Date of Award

May 2020

Degree Type


Degree Name

Doctor of Philosophy


Health Sciences

First Advisor

Jeri-Anne Lyons

Committee Members

Janis T Eells, Jennifer A Doll, Douglas A Steeber, Dean T Nardelli


citokines, Light treatment, Multiple sclerosis, muscle fatigue, nitrosative stress, Photobiomodulation


Multiple Sclerosis (MS) is a CD4+ T cell-mediated autoimmune demyelinating disease. The pathogenesis of MS is a combination of a pro-inflammatory autoimmune response coupled with nitrosative and oxidative stress. Mitochondrial dysfunction within the central nervous system (CNS) leads to a reduction of ATP and high concentrations of nitric oxide leads to the production of reactive oxygen and nitrogen species (ROS and RNS), resulting in oxidative and nitrosative stress that damages myelin and axons, leading to axonal loss and disease progression. Nitrosative stress is present in MS even in early stages of disease even before inflammation and the myelin destruction. The currently approved therapeutics to treat MS are effective at slowing disease progression but not preventing or reversing it, presumably because these strategies target the autoimmune response but do not address the accompanying oxidative/nitrosative stress.

Photobiomodulation (PBM) is a therapeutic strategy shown to have to ameliorate chronic inflammatory and neurodegenerative conditions. During PBM, light is absorbed by cytochrome c oxidase (CCO) producing an increase in ATP production and improvement of mitochondrial function. Previously, our lab reported that 670nm light administered over the course of disease resulted in reduced IFN-ɣ, TNF-α, and nitrosative stress, and increased IL-4, IL-10, which correlated with the reduction in disease severity in the Experimental autoimmune encephalopathy (EAE) model of MS.

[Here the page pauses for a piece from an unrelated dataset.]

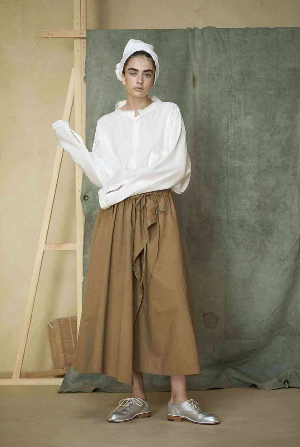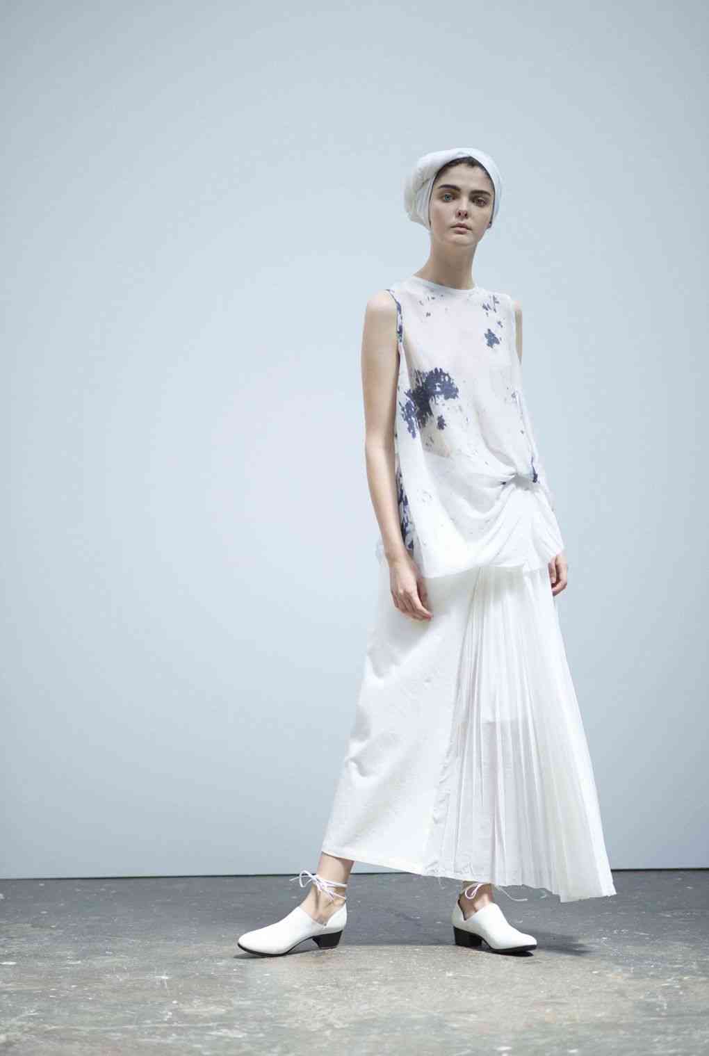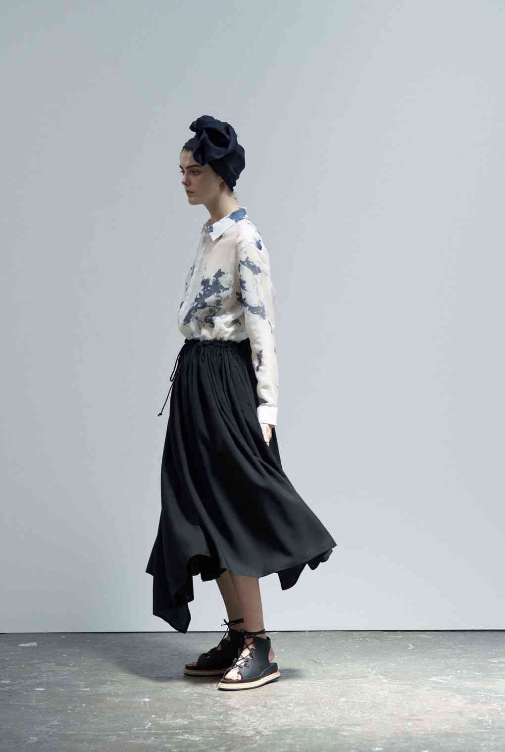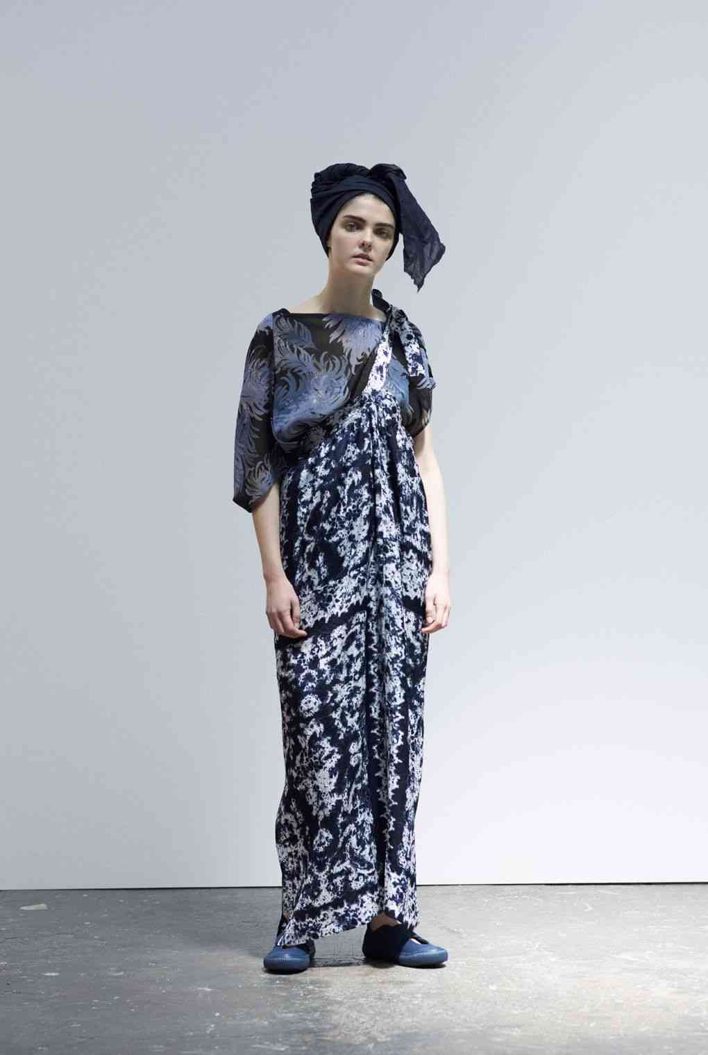 Imprimeuri abstracte obținute cu imprimeu cravată Shibori, adaugă culoare la fundalurile mari, monocrome, dar dând viață elementelor grafice cu un gust contemporan, a căror estetică se detașează de tratamente tradiționale. Fustele și jachetele sunt drapate în jurul corpului într-un mod aproape antic, uneori cu pseudo-cecuri surprinzătoare sau motive jacquard.

Here, we evaluated the effect of PBM with different wavelengths of light administered at different doses on the immune response and nitrosative stress in MS subjects. The production of pro- and anti-inflammatory cytokines and the generation of nitrosative stress was measured in cell culture supernatants collected from peripheral blood mononuclear cells (PBMC) or isolated CD4+ T cells over the course of in-vitro treatment with light. The effect of PBM was dependent on the cell population (i.e., PBMC or CD4+ T cells); the wavelength of light; the dose of light administered; and severity of disease as assessed by the Patient Determined Disease Steps (PDDS) scale. The production of IFN-ɣ was higher by CD4+ T cells (735nm at 3J/cm2 and 10J/cm2) and PMBC (simultaneous 640/875/905nm, 1J/cm2 and 3J/cm2 in MS subjects with PDDS=0 compared to MS subjects with PDDS ≥1). Conversely, CD4+ T cells isolated from subjects with PDDS≥1 responded with higher levels of IL-10 compared with subjects with PDDS=0 after PBM treatment at 670nm (3J/cm2).

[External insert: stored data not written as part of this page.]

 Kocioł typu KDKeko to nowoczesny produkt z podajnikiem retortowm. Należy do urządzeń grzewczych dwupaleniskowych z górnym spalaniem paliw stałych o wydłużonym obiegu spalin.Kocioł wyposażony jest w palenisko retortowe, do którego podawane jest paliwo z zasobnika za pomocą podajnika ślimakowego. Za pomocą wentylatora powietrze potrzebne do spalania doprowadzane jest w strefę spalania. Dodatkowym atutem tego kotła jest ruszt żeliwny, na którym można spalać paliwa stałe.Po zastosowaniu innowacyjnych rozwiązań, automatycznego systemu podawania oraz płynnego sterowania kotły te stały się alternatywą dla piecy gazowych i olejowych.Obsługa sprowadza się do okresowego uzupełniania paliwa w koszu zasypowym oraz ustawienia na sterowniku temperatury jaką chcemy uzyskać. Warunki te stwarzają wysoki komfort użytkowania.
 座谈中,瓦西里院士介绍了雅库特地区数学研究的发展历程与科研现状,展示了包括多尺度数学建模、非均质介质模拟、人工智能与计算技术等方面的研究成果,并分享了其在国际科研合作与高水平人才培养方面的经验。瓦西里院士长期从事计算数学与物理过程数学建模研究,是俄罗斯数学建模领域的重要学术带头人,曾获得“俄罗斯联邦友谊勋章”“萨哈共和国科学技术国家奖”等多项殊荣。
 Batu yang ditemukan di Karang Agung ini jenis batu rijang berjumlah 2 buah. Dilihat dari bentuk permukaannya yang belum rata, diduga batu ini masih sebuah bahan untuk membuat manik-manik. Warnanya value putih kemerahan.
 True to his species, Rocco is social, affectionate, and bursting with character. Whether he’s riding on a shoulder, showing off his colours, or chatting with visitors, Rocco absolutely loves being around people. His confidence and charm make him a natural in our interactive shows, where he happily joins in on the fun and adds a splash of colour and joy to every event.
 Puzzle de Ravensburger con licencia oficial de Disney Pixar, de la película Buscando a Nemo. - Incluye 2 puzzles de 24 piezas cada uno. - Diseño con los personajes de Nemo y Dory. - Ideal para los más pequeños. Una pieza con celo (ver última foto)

Photobiomodulation was effective at reducing the generation of nitrite by cells isolated from subjects with MS compared to cells not receiving light treatment. The treatment of PBMC with 830nm (10J/cm2) resulted in reduced (p=0.0153) nitrite in comparison with controls (no light treatment). In addition, the effect of PBM with 830nm light on nitrite reduction correlated with the modulation of cytokines. Treatment of PMBC with 830nm light (10J/cm2) resulted in significantly reduced nitrite and increased IL-10 (p=0.0271). These same conditions likewise reduced IFN-ɣ produced by PBMC to a reproducible not statistically significant level (p=0.1940).

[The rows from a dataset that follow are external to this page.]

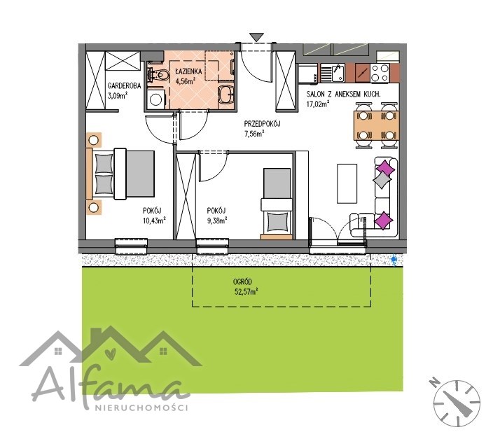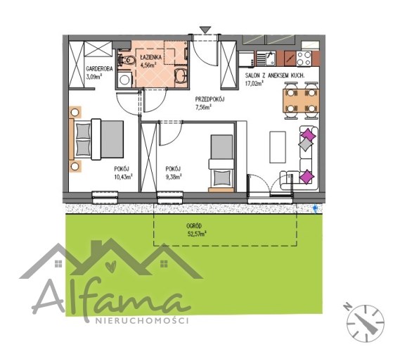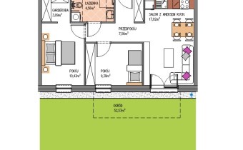salon z aneksem kuchennym, 2 sypialnie,łazienka z wc , holl,garderoba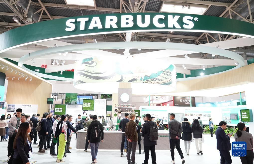 這是在首屆中國國際供應鏈促進(jìn)博覽會(huì )健康生活鏈展區拍攝的星巴克展位(2023年11月28日攝)。新華社記者 任超 攝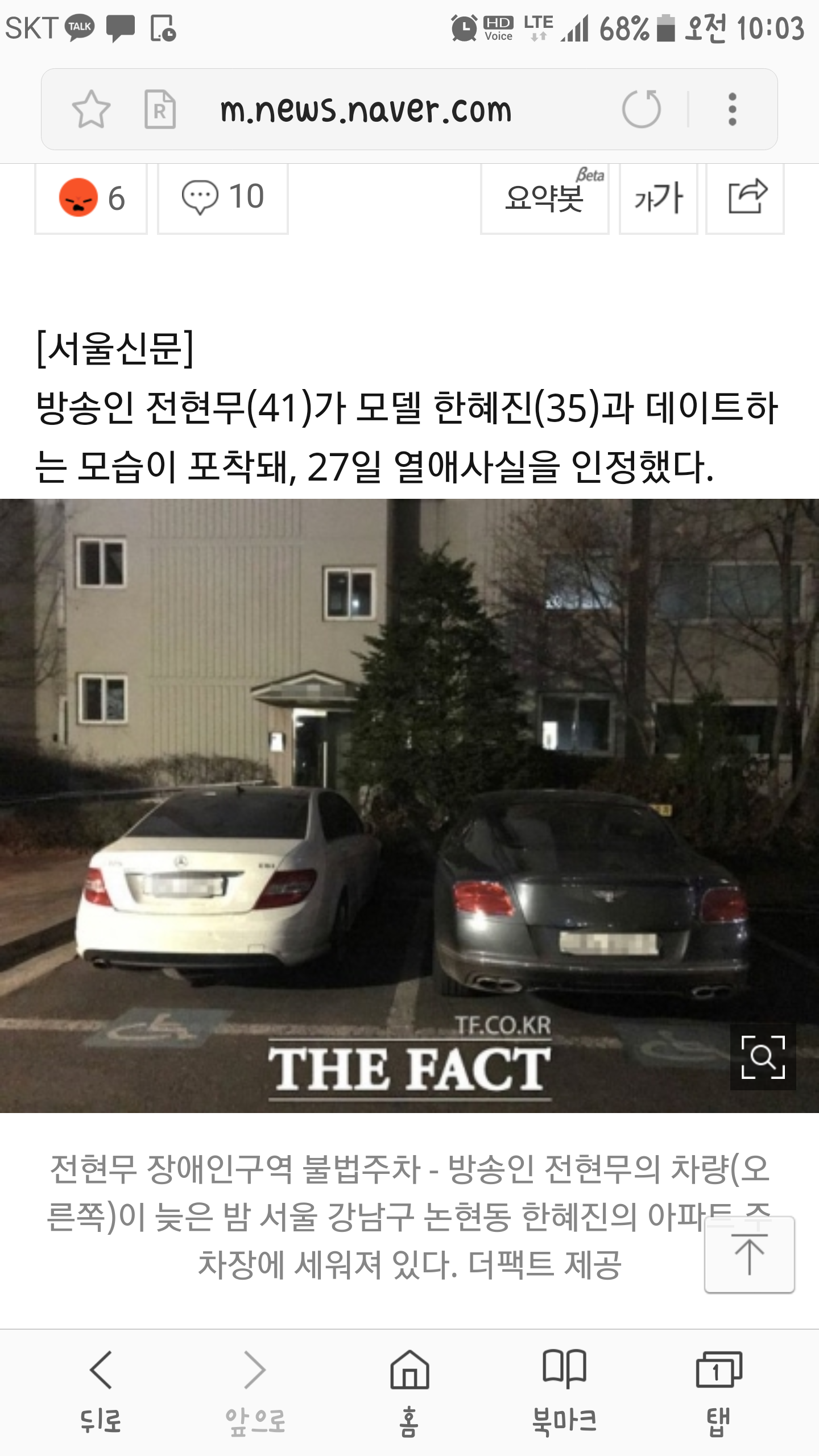 한혜진 좋아하는 편이고 전현무씨도 싫어할 정도는 아니지만...장애인 주차장에 너무 당당한 주차는...ㅎ......벌금정도야..같은 느낌인건가;;; 근데 주변에 문제제기한 사람들을 불편러들이라고 비아냥 대는.사람도 있네요;;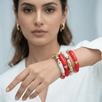 گوشواره آویزدار مرواریدی میناکاری رنگی GMKW1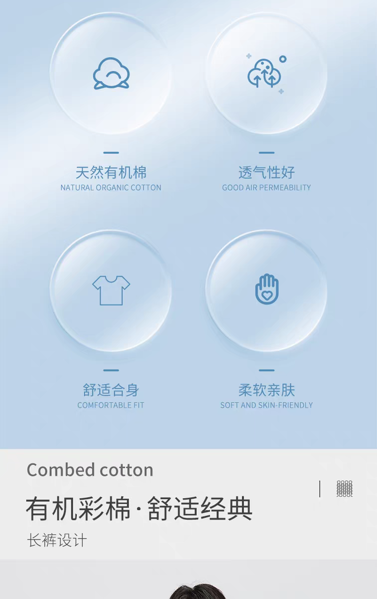 产品卖点:面料采用有机棉,无染色,无荧光剂,无静电,亲肤透气,安全健康。上衣的前短后长,小开叉,圆领的设计修饰脖颈,裤子的贴袋工艺,固定口袋,不跑位,松紧的腰部,细节的优化处理,增强服装整体体验感。

The results to evaluate PBM on muscle fatigue showed that all MS subjects were able to recover strength within 12% of their initial strength after a single PBM treatment with the energy dose of 120J. Extended PBM treatment showed improvement in muscle recovery in some patients, however statistical significance was not achieved. The systemic effect of regional PBM therapy was assessed by measuring serum cytokines following light treatment. Most of the IFN-ɣ, IL-6 and IL-10 values on serum samples from MS subjects were below the limit of detection, which correlates with an absence of active disease. Values of TGF-β were lower in patients with higher disability status (PDDS≥1). The extended PBM treatment with the active device increased TGF-β levels in patients with higher disability status (PDDS≥1) compared to the inactive device, however, the increase was not significant.

Collectively, the results presented show the potential of PBM to modulate immune response, reduce nitrosative stress, and improve muscle recovery. Future experiments with a more extended PBM treatment, subjects with higher disability status, and more sensitive methods to evaluate muscle recovery are needed.